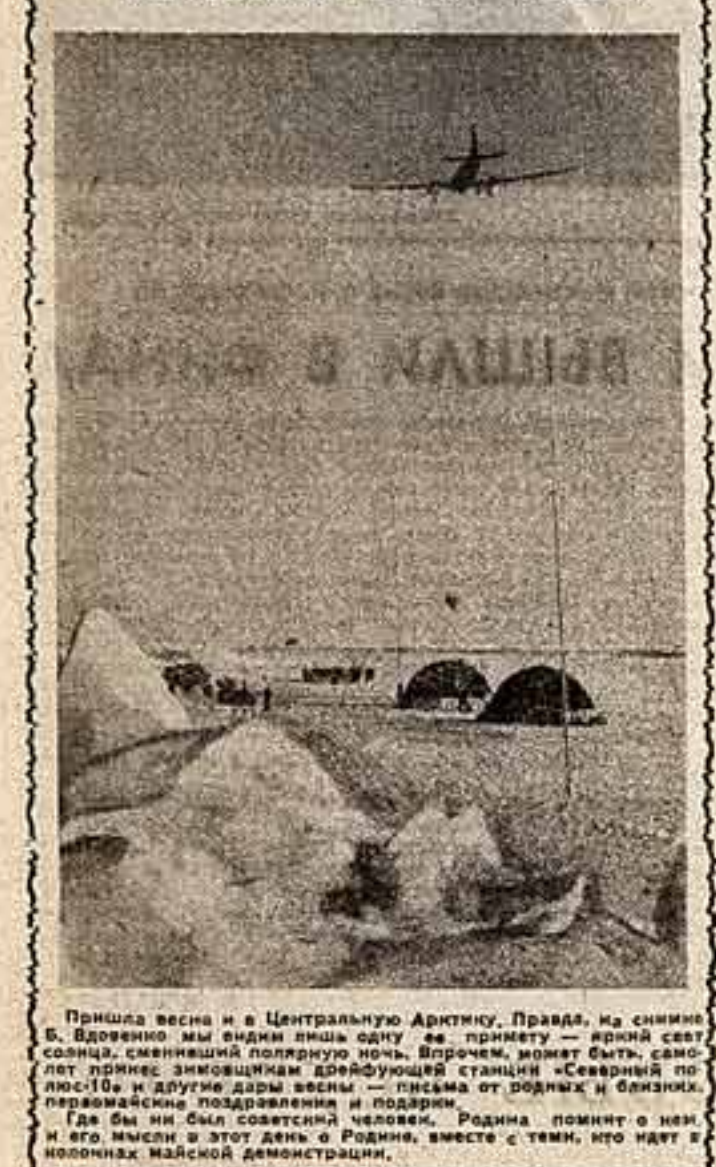
Пришла весна и в Центральную Арктику. Правда, на снимке Б. Вдовина мы видим лишь одну ее приметную — яркую светловатую, сменяющую популярную ночь. Впрочем, может быть, самолеты летят знобящим дождем у станции «Северный полюс» и другие дары весны — письма от военных и близких, первобытные подражания и подражи, родина помнит о нем, и его мысли в этот день о Родине, вместе с теми, кто идет в колоннах майской демонстрации.

НАШЕ ВРЕМЯ стремительно летит вперед. Еще сравнительно недавно коммунизм казался звездой, удаленной от нас на много световых лет. А сегодня он стал близкой, реальной целью, и которой ведет нас партия коммунистов. Почти физически мы ощущаем пульс гигантского сердца нашей великой партии, создающей новый мир, ее мужественную силу и гениальную разумность, взметнувший во Вселенную космические корабли.
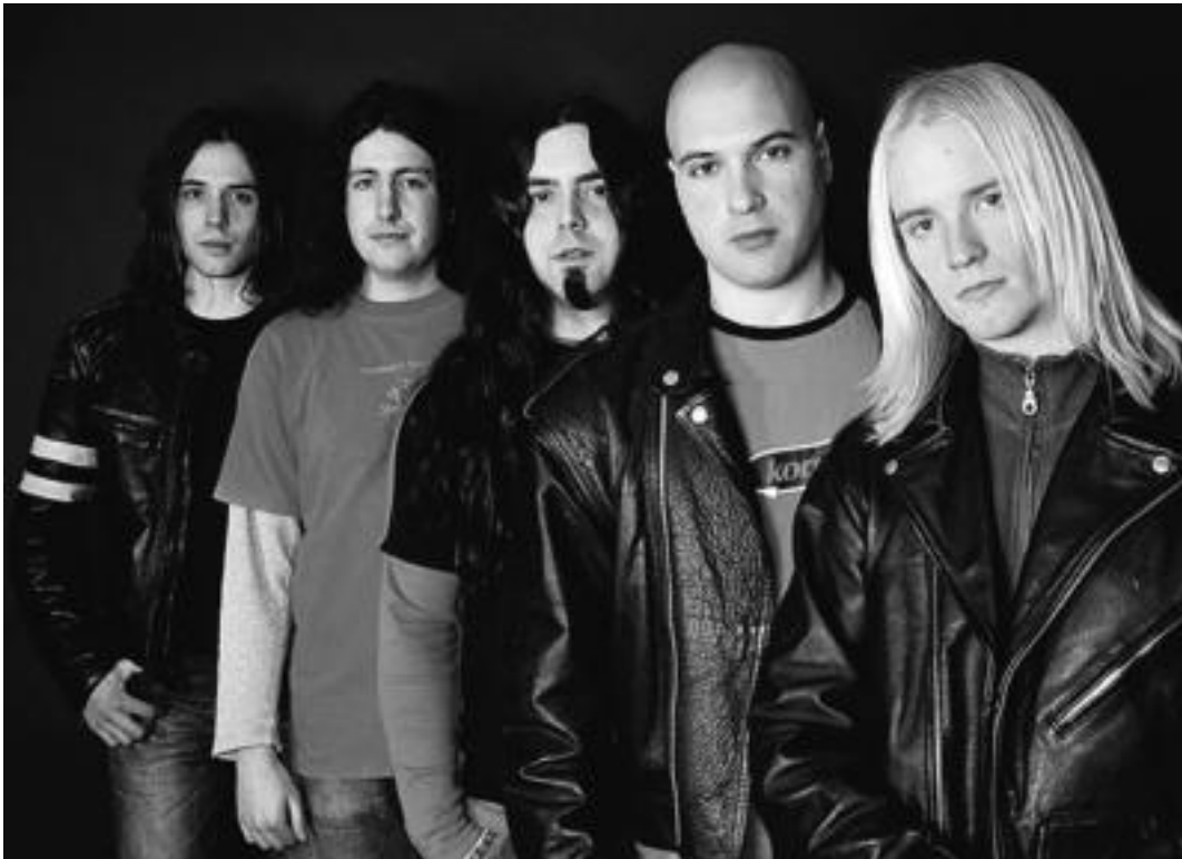
Donostiako Azken Garraisa taldeak parte hartu du Ortots zigiluak kaleratu duen lehen lanean, 'Altzairu gorria' bilduman.

_Exercise goal_
Give back the data verbatim. The pictures are not part of the copy.

_Task output_
Пришла весна и в Центральную Арктику. Правда, на снимке Б. Вдовина мы видим лишь одну ее приметную — яркую светловатую, сменяющую популярную ночь. Впрочем, может быть, самолеты летят знобящим дождем у станции «Северный полюс» и другие дары весны — письма от военных и близких, первобытные подражания и подражи, родина помнит о нем, и его мысли в этот день о Родине, вместе с теми, кто идет в колоннах майской демонстрации.

НАШЕ ВРЕМЯ стремительно летит вперед. Еще сравнительно недавно коммунизм казался звездой, удаленной от нас на много световых лет. А сегодня он стал близкой, реальной целью, и которой ведет нас партия коммунистов. Почти физически мы ощущаем пульс гигантского сердца нашей великой партии, создающей новый мир, ее мужественную силу и гениальную разумность, взметнувший во Вселенную космические корабли.
Donostiako Azken Garraisa taldeak parte hartu du Ortots zigiluak kaleratu duen lehen lanean, 'Altzairu gorria' bilduman.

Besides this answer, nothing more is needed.